More health research is needed for all EMF frequency bands, according to the newly-released report by the EC's Scientific Committee on Emerging and Newly Identified Health Risks (SCENIHR). (See also the press release and news item.) Anders Ahlbom of the Karolinska Institute in Stockholm is the chair of the committee.

May 8, 2007

A study that stirred worldwide uneasiness last fall —as well as quite a bit of disbelief— is now in print. In October, Ashok Agarwal of the Cleveland Clinic presented a paper at a fertility conference showing that men who used their cell phones for more than four hours a day had poorer semen quality than those who went phone-free (see our October 26, 2006 post).

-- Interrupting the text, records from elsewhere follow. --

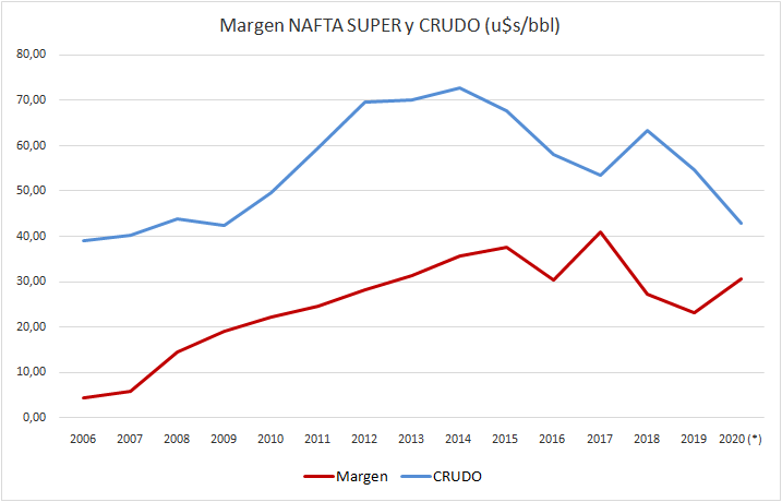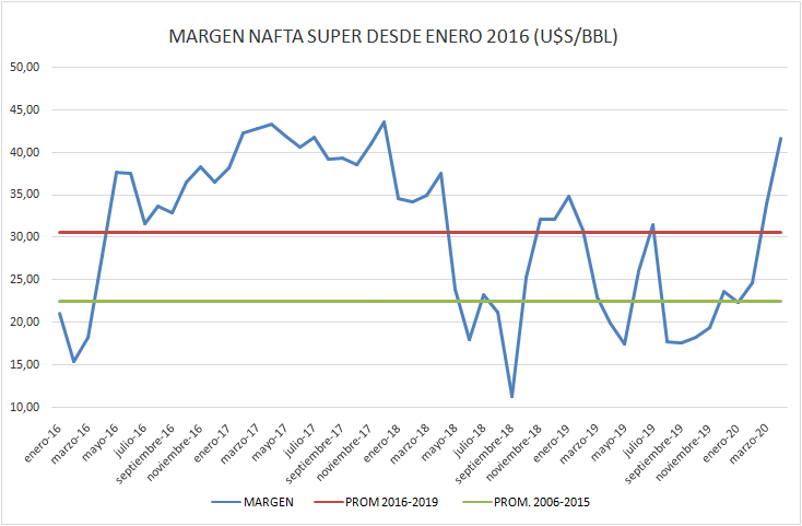 Para la nafta grado 2, en diciembre de 2017 el margen fue de 43,5927 u$s/bbl mientras que en abril de 2020 fue de 41,6653 u$s/bbl. Sólo un 4,49% por debajo del mayor valor.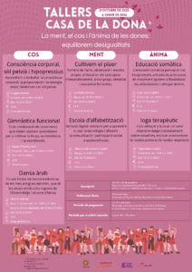 En l’apartat cos s’oferiran tres tallers: consciència corporal, sòl pelvià i hipopressius; gimnàstica funcional i dansa àrab. L’apartat ment inclou dues propostes: cultivem el plaer i escola d’alfabetització i, finalment, els tallers d’educació somàtica i de ioga terapèutic conformen l’apartat ànima. Fajardo ha indicat que algunes iniciatives es repeteixen per la bona acollida que han tingut, segons es desprén de les enquestes realitzades a les usuàries. En aquesta edició s’ofereixen 117 places, amb un sistema de matrícula que estableix un preu simbòlic d’un euro per hora i es preveuen bonificacions.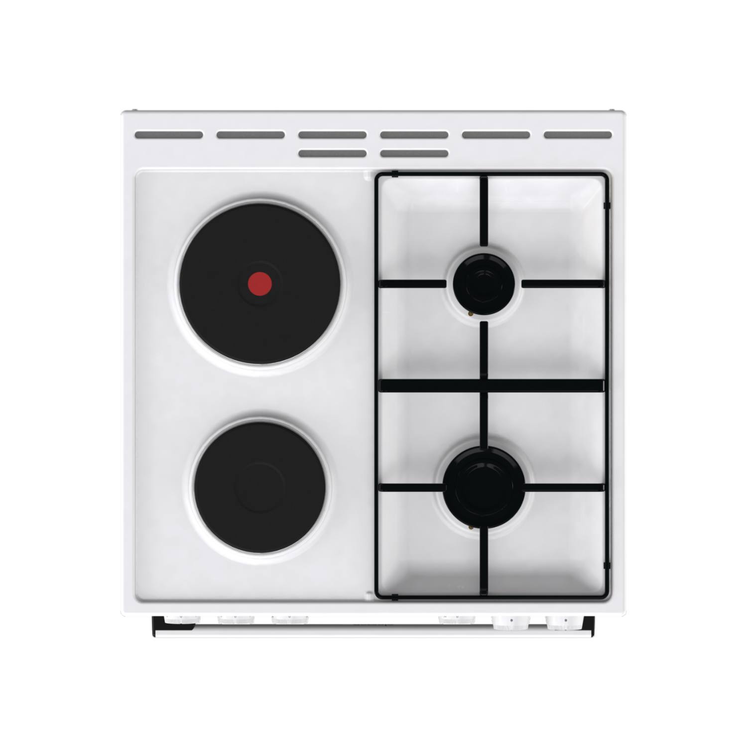 Samostojeći kombinirani štednjak širine 60 cm sa 2 plinska i 2 električna kola za kuhanje i rernom zapremine 65 l u energetskom razredu A. Opremljen je praktičnom funkcijom AquaClean i inovativnim HomeMade oblikom rerne za ravnomjerno pečenje.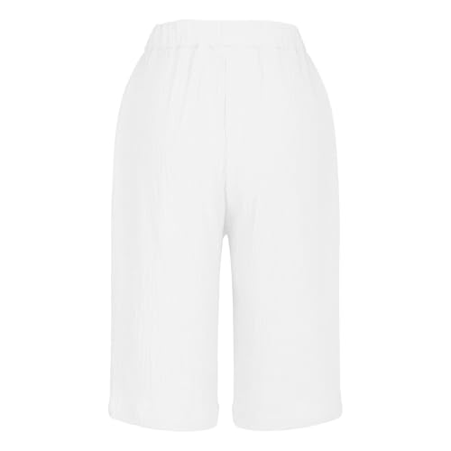 Women's Linen Shorts Elastic Waist Drawstring Bermuda Shorts for Women Knee Length 5

Agarwal's paper has been posted on the Fertility and Sterility Web site and will appear in a forthcoming issue of the journal. Here is his conclusion: "Use of cell phones decrease the semen quality in men by decreasing the sperm count, motility, viability, and normal morphology. The decrease in sperm parameters was dependent on the duration of daily exposure to cell phones and independent of the initial semen quality." 

May 7, 2007

We have to admit that we are skeptical about the much-hyped hypothesis that mobile phone radiation is at least partially responsible for the disappearance of bees —if only because of the timing of these colony collapses. If microwaves are involved, bee disorientation would most likely be an acute effect. Yet mobile phones and their towers have been around for many years. So, why are the bees flying away, never to return, now?

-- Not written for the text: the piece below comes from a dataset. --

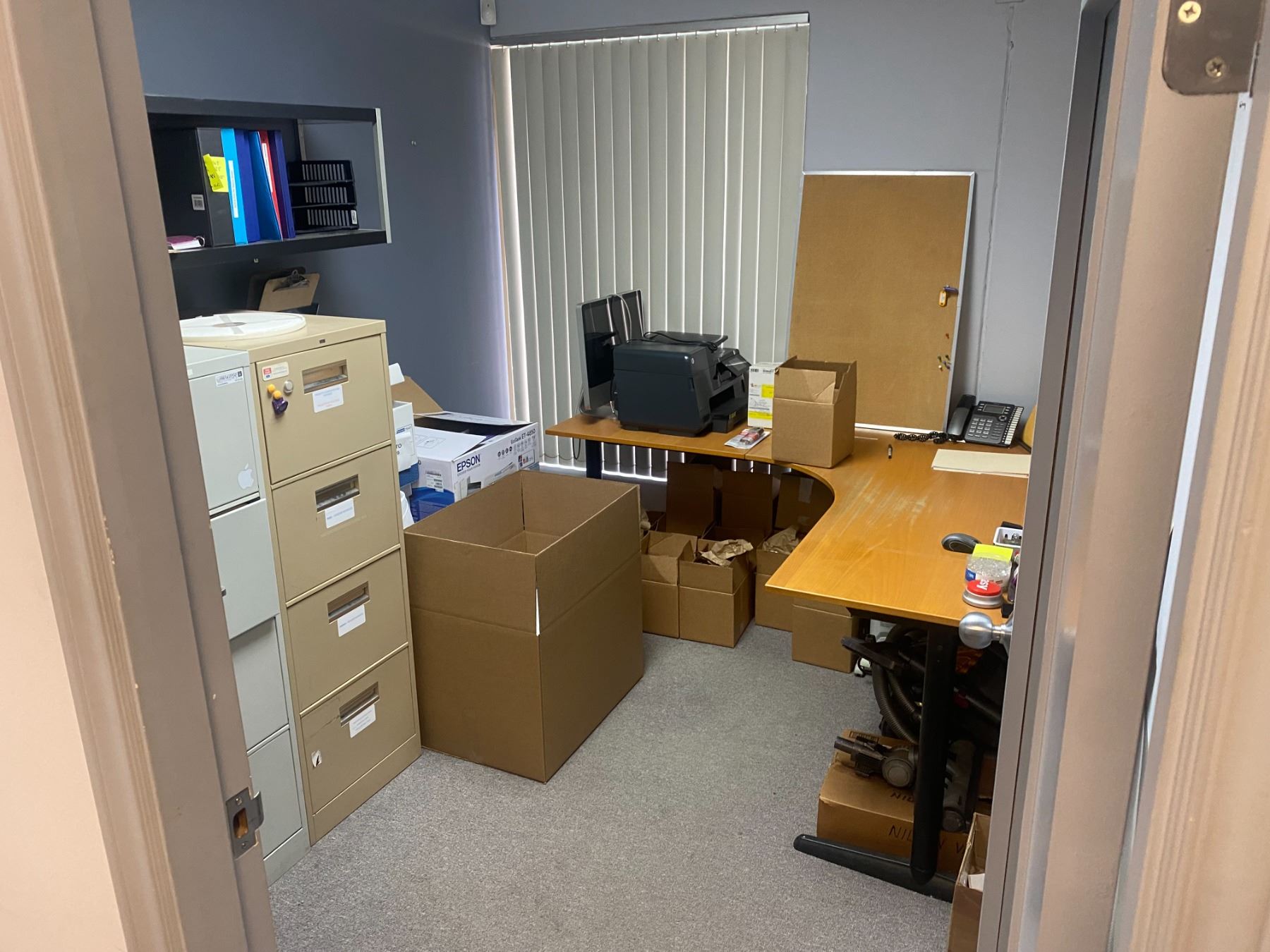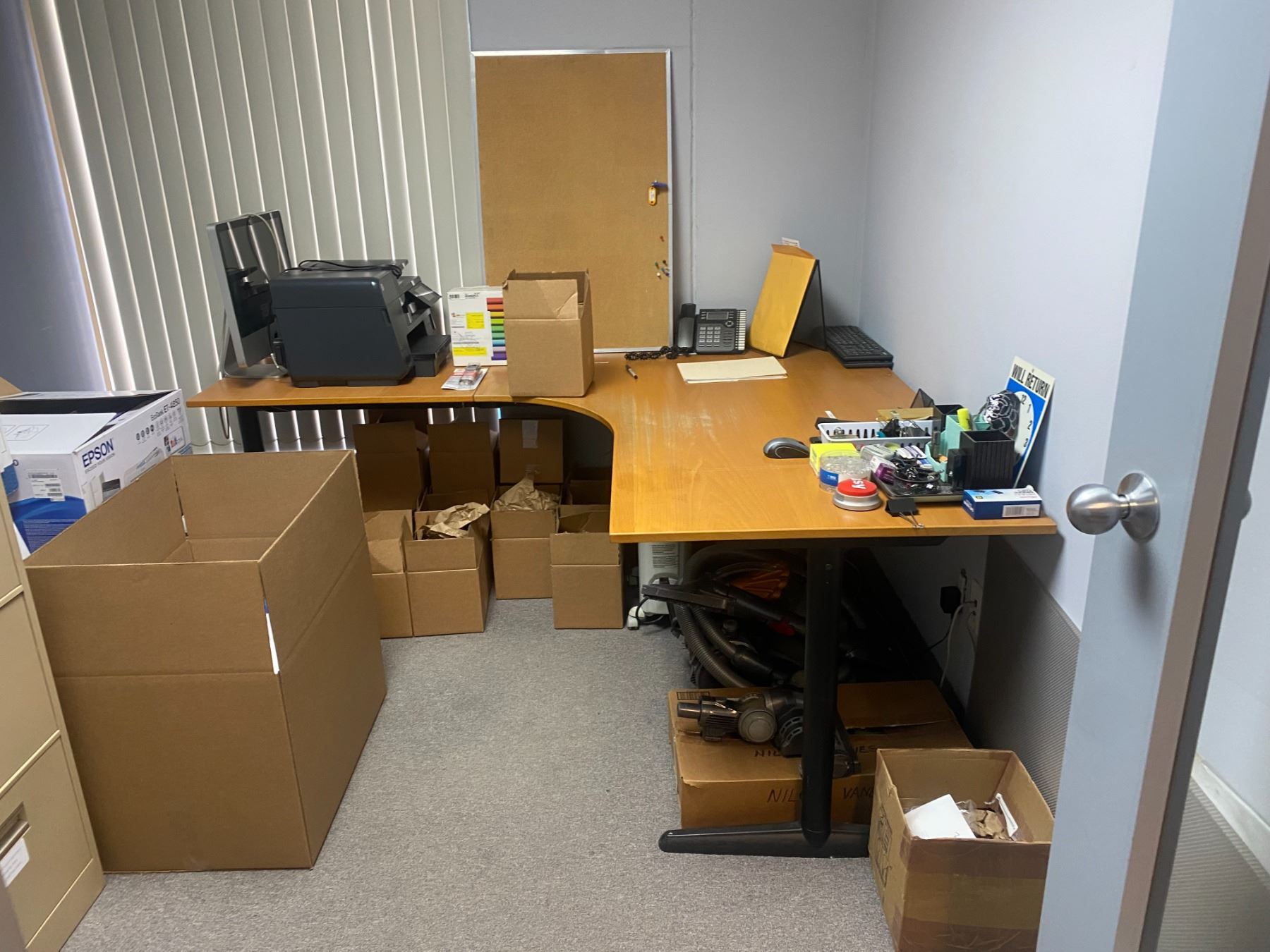 CONTENTS OF SALES OFFICE INCLUDING: DESK, 3 METAL 4 DRAWER FILE CABINETS, 2 TIER WALL SHELF & ASSORTED OFFICE PRODUCTS (ITEMS MAY VARY FROM PICTURE PLEASE PREVIEW)

That said, we were nevertheless taken aback when we read in this morning's Wall Street Journal that the National Wildlife Federation has inaugurated its own cell phone service. NWF Mobile is "tailored to wildlife enthusiasts and activists," the Journal reports, with such features as "ringtones that croak like frogs and chirp like birds" and the ability to provide updates on environmental news. Can a "buzz" ringtone be far behind?  

May 7, 2007

The National Academy of Sciences (NAS) has tentatively scheduled its RF workshop for August 7-9 in Washington. Its objective is to review the status of health research associated with exposure to RF radiation from wireless devices. See the NAS announcement for further information. The FDA requested the NAS review last March (see our March 30 post).